Personal information
- Native name: 田桐赫
- Full name: Tian Tonghe
- Born: 6 August 2008 (age 17) Changchun, Jilin, China
- Home town: Changchun
- Height: 1.67 m (5 ft 5+1⁄2 in)

Figure skating career
- Country: China
- Discipline: Men's singles
- Coach: Xu Binshu
- Began skating: 2012

= Tian Tonghe =

Chinese figure skater

Tian Tonghe (田桐赫 (Tián Tónghè); born 6 August 2008) is a Chinese figure skater. He is the 2023–24 Chinese National Junior champion, the 2024 Junior Grand Prix China silver medalist, and the 2024 Junior Grand Prix Thailand bronze medalist.

== Personal life ==
Tian was born on August 6, 2008 in Changchun, China. As a hobby, he enjoys playing basketball.

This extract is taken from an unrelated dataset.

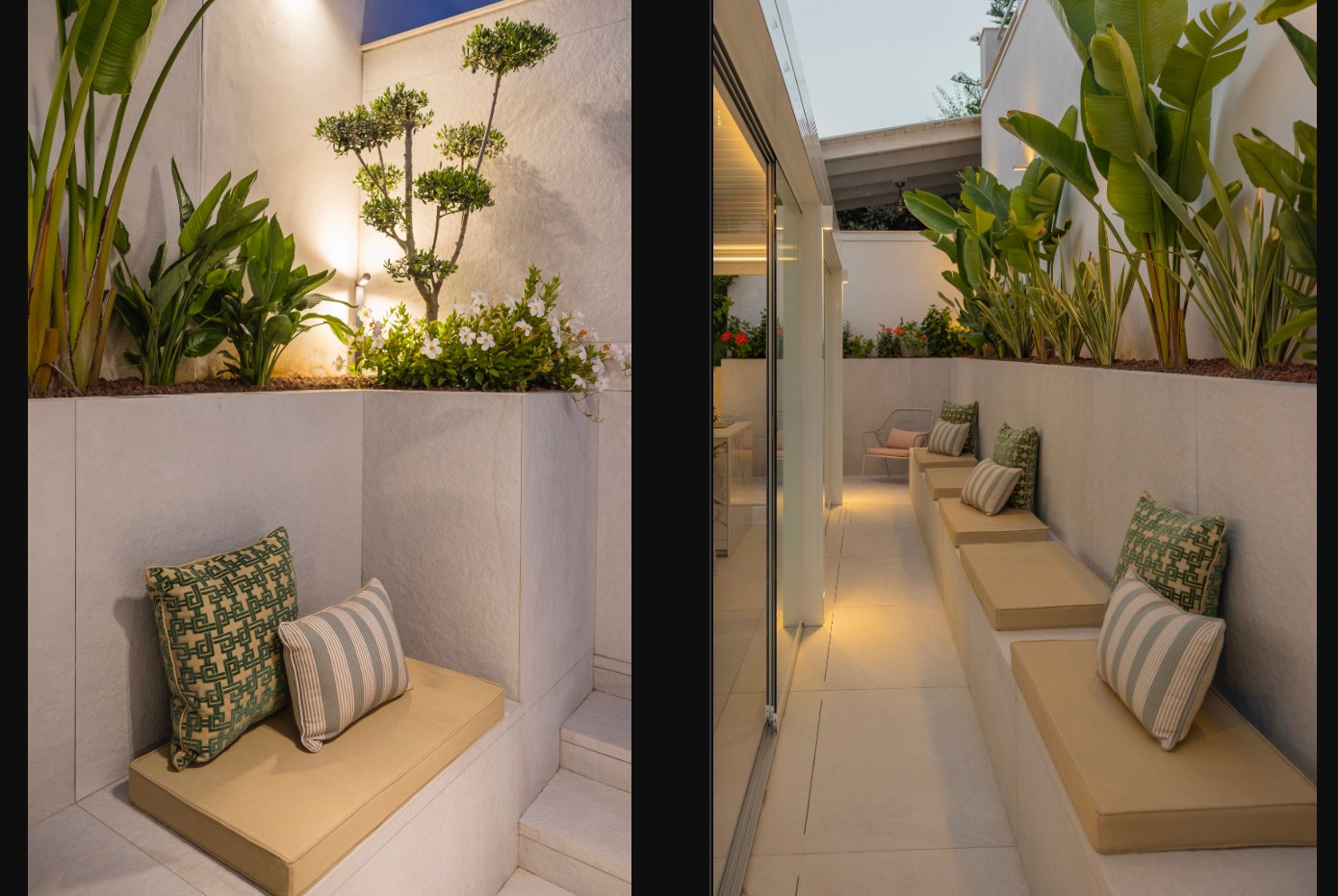 Un dentro e un fuori accomunato dalla scelta delle superfici ceramiche di rivestimento, applicate a terra e a parete, a rivestire la scala di accesso e le sedute/fioriere e il muro di contenimento su cui si attestano. Per questo angolo di Mediterraneo, gli architetti hanno scelto Sublime di Ceramiche Refin, collezione in grès porcellanato ispirata dai profumi e dai colori della Borgogna, area di origine di una particolare pietra di origine calcarea, oggi introvabile, le cui cromie richiamano quelle locali. Una collezione pensata per essere visivamente genuina, per accogliere e trasmettere serenità e armonia. Scelta qui nella tonalità Ivory, la sua superficie si caratterizza per alonature e piccoli dettagli che si stendono su un fondo compatto e uniforme, solcato da venature visibili ma non invadenti, valorizzate attraverso lievi contrasti e passaggi di colore. Il formato120x120 cm, in finitura strutturata, è stato altresì oggetto negli angoli di una lavorazione “a becco”da2cm, operazione su misura svolta direttamente da Ceramiche Refin, che ha supportato i progettisti nel rendere tangibile la loro visione.

His figure skating idol is Yuzuru Hanyu.

== Career ==
=== Early career ===
Tian began figure skating in 2012. He made his national debut at the 2019–20 Chinese Championships, where he finished fourth on the senior level. That same year, he won gold on the advanced novice level at the 2019 Asian Open Trophy.

=== 2022–23 season ===
Tian debuted on Junior Grand Prix circuit, finishing tenth at 2022 JGP Czech Republic, where he finished tenth.

=== 2023–24 season ===
Competing on the 2023–24 ISU Junior Grand Prix circuit, Tian finished fourth at 2023 JGP Austria. He went on to win gold at the 2024 Chinese Junior Championships and silver on the junior level at the 14th Chinese Winter Games.

Selected to compete at the 2024 Winter Youth Olympics in Gwacheon, South Korea, Tian finished eighth in the men's individual event and third in the team event, helping Team China finish fourth overall.

=== 2024–25 season ===
Tian began the season by competing on the Junior Grand Prix series, winning bronze at the 2024 JGP Thailand and taking silver at the 2024 JGP China. With these results, Tian was named as the second alternate for the 2024–25 Junior Grand Prix Final.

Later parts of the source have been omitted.